[Start of section]
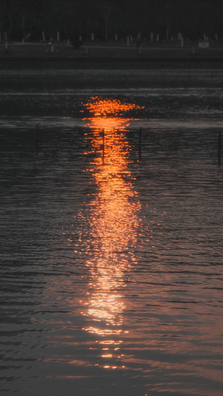 夕阳映水 光辉洒落
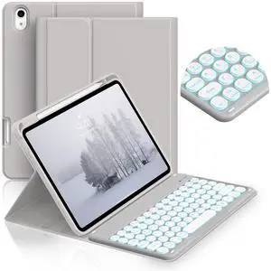 JKSML for iPad (A16) 11th/10th Gen case with Keyboard, Round Key, 7 Color Backlit, Detachable Wireless Keyboard, Stand Folio Cover with Side Pen Holder for iPad 10.9" (2022)/ 11" (2025) - Gray
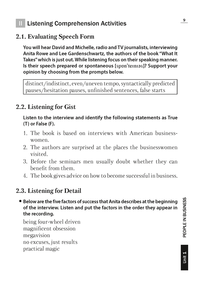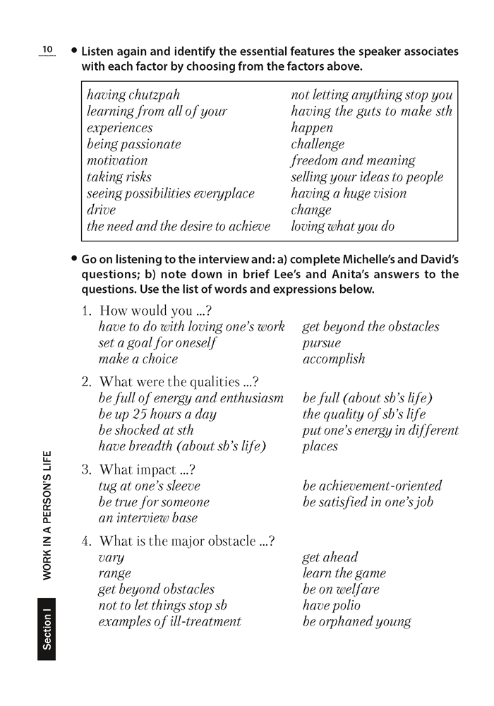 Пособие направлено на развитие навыков смыслового восприятия звучащей английской речи. Издание содержит систему упражнений, которые позволяют выработать умения, необходимые для выделения основной информации и распознавания существенных деталей при прослушивании аутентичного текста.
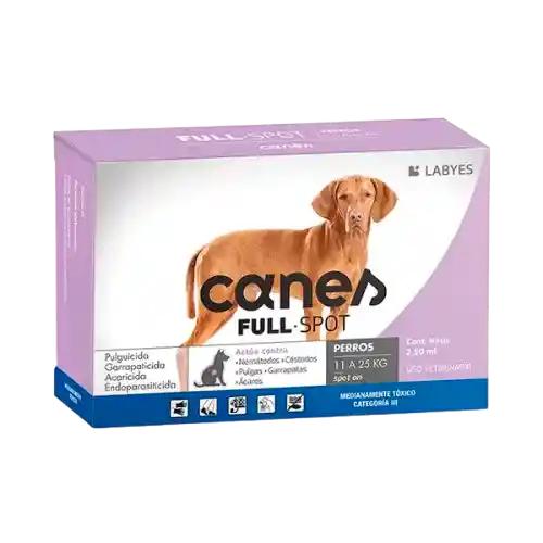 CANES FULL SPOT de LABYES es un desparasitante eficaz diseñado específicamente para perros de 11 a 25 kg, brindando una protección integral contra parásitos externos como pulgas y garrapatas.
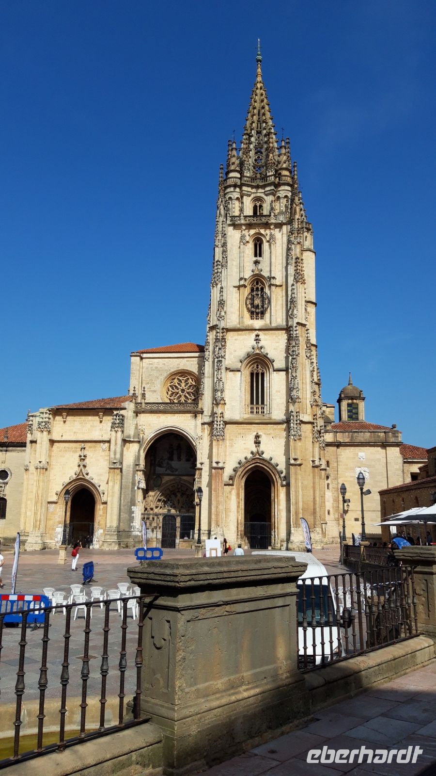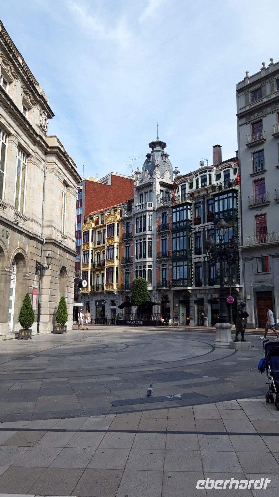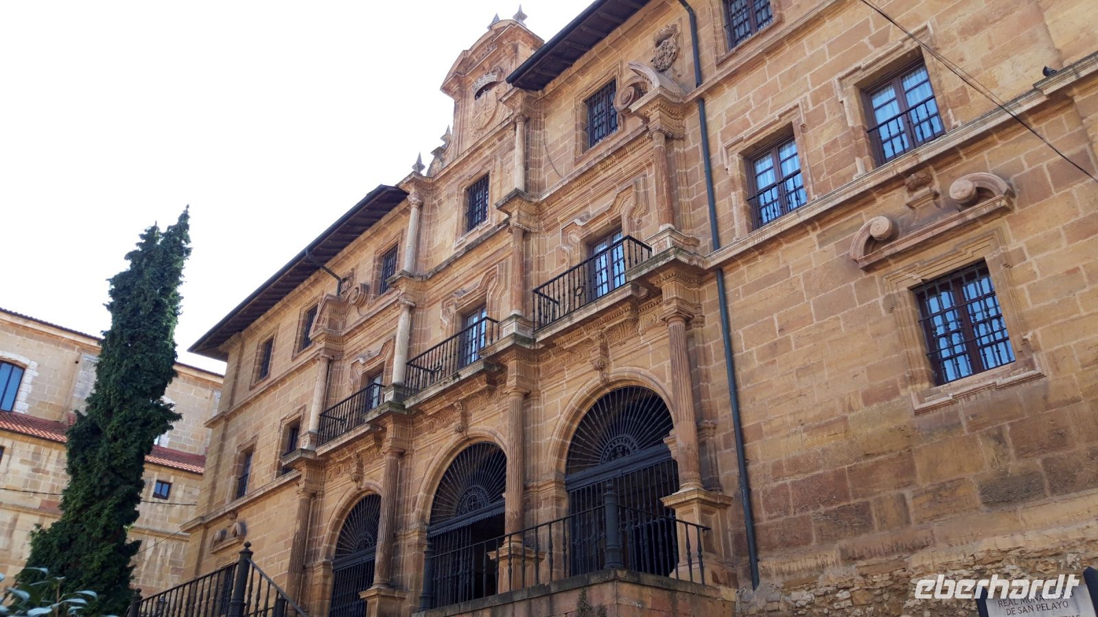 Zurück in Covadonga werden wir abgeholt von Rafa und die Fahrt geht nun weiter in die Hauptstadt Asturiens, Oviedo. Wir treffen Stadtführerin Elena und fahren zusammen weiter auf den Hausberg Naranco. Von dort hat man nicht nur eine fantastische Sicht auf die Stadt, dort befinden sich auch zwei der wichtigsten vorromanischen Bauwerke der spanischen Kunstgeschichte: Santa María del Naranco und San Miguel de Lillo. Ausführlich erklärt uns Elena die architektonischen Besonderheiten, bevor wir in die Stadt hinunter fahren und dort einen gemeinsamen Spaziergang machen. Als Hauptstadt des Königreichs Asturien und Zentrum des Widerstands gegen die maurische Herrschaft auf der iberischen Halbinsel war Oviedo Ausgangsort des ersten und „originalen“ Pilgerwegs nach Santiago de Compostela. Auf 310 anspruchsvollen Kilometern führt der Camino Primitivo mitten durch das Kantabrische Gebirge und ist damit so anspruchsvoll, dass nur 4% der Pilger diesen Weg wählen. Unser Spaziergang durch die schöne Altstadt Oviedos ist weitaus angenehmer und neben der Kathedrale San Salvador sehen wir auch die Plaza de Daoíz y Velarde mit ihren farbenfrohen Häusern sowie die Jugendstilhäuser der Neustadt aus dem 19. Jahrhundert. Wir spazieren dann zusammen durch den Stadtpark und auf dem Rückweg zum Bus führt uns Elena dann noch zur Bäckerei Camilo de Blas: nicht nur deren Mandeltörtchen sind über die Stadtgrenzen hinaus bekannt, sondern auch die von 1914 original erhaltene Inneneinrichtung des Geschäfts einfach unglaublich schön.
[End of section]
# Exercise prompt
Type the listing out again word for word, passing over each picture.

# Exercise output
 夕阳映水 光辉洒落
 JKSML for iPad (A16) 11th/10th Gen case with Keyboard, Round Key, 7 Color Backlit, Detachable Wireless Keyboard, Stand Folio Cover with Side Pen Holder for iPad 10.9" (2022)/ 11" (2025) - Gray
 Пособие направлено на развитие навыков смыслового восприятия звучащей английской речи. Издание содержит систему упражнений, которые позволяют выработать умения, необходимые для выделения основной информации и распознавания существенных деталей при прослушивании аутентичного текста.
 CANES FULL SPOT de LABYES es un desparasitante eficaz diseñado específicamente para perros de 11 a 25 kg, brindando una protección integral contra parásitos externos como pulgas y garrapatas.
 Zurück in Covadonga werden wir abgeholt von Rafa und die Fahrt geht nun weiter in die Hauptstadt Asturiens, Oviedo. Wir treffen Stadtführerin Elena und fahren zusammen weiter auf den Hausberg Naranco. Von dort hat man nicht nur eine fantastische Sicht auf die Stadt, dort befinden sich auch zwei der wichtigsten vorromanischen Bauwerke der spanischen Kunstgeschichte: Santa María del Naranco und San Miguel de Lillo. Ausführlich erklärt uns Elena die architektonischen Besonderheiten, bevor wir in die Stadt hinunter fahren und dort einen gemeinsamen Spaziergang machen. Als Hauptstadt des Königreichs Asturien und Zentrum des Widerstands gegen die maurische Herrschaft auf der iberischen Halbinsel war Oviedo Ausgangsort des ersten und „originalen“ Pilgerwegs nach Santiago de Compostela. Auf 310 anspruchsvollen Kilometern führt der Camino Primitivo mitten durch das Kantabrische Gebirge und ist damit so anspruchsvoll, dass nur 4% der Pilger diesen Weg wählen. Unser Spaziergang durch die schöne Altstadt Oviedos ist weitaus angenehmer und neben der Kathedrale San Salvador sehen wir auch die Plaza de Daoíz y Velarde mit ihren farbenfrohen Häusern sowie die Jugendstilhäuser der Neustadt aus dem 19. Jahrhundert. Wir spazieren dann zusammen durch den Stadtpark und auf dem Rückweg zum Bus führt uns Elena dann noch zur Bäckerei Camilo de Blas: nicht nur deren Mandeltörtchen sind über die Stadtgrenzen hinaus bekannt, sondern auch die von 1914 original erhaltene Inneneinrichtung des Geschäfts einfach unglaublich schön.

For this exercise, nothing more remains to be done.